One significant result of this consultation was the support received from the local community. The 'Friends of Ferry Bridge' and the Burton Civic Society were particularly supportive as they recognised the importance of the work. These two groups even went to the extent of commissioning replica full-sized plaques bearing Lord Burton's coat-of-arms to replace those taken off the bridge many years ago.
Amey supported their Listed Building application and fixed the plaques to the outside of the bridge towers prior to re-opening.

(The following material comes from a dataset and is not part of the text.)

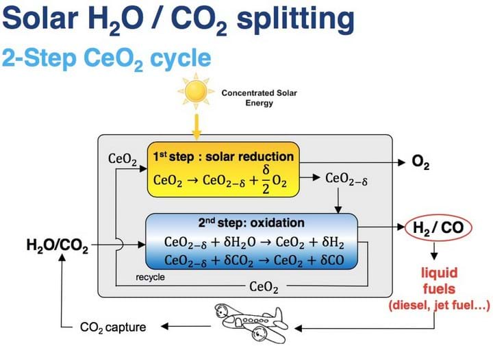 “Ceria is the state-of-the-art material,” said Philipp Furler, ETH researcher and leader of international solar chemistry research group SolarPACES Task II. “It has the ability to release a certain amount of its oxygen and then in the reduced state it has the capability of splitting water and CO2. In the first step, at 1,500°C, we release a fraction of the oxygen contained in the material, thereby a pure stream of oxygen leaves the reactor as a valuable by-product.”

The restoration work progressed well and both the works and the story of the plaques were favourably reported by the local media.
Conclusions
This project brought together many parties who worked to their strengths to collectively progress this complex scheme from establishing the problems and finding the right solution to undertaking the works in order to provide the client and all stakeholders with the best long-term solution to ensure the future of a valuable piece of heritage.
The decision to involve the community from the outset by the creation of a working group was time and effort well spent as it reaped the reward of their continued support throughout the scheme.
Project details
Location: Burton Upon Trent
Value: £1.5M
Date of completion: October 2016
Duration: 12 months
Client: Staffordshire County Council
Contractor: Amey/Currall, Lewis and Martin Ltd.
Designer: Amey/Inertia Ltd.
Project Manager: Amey
Challenge summary: Restoration and strengthening of heritage structure. To ensure an early example of a grade 2 'self-anchoring' suspension bridge remains in service and fit for purpose.
Challenge solution: Co-ordinated approach to provide long-term restoration. Sympathetic strengthening and refurbishment, including the installation of an internal stiffening frame, replacement sway bracing and new timber deck.
Contributors
David Hughes, Senior Structures Engineer, Staffordshire County Council.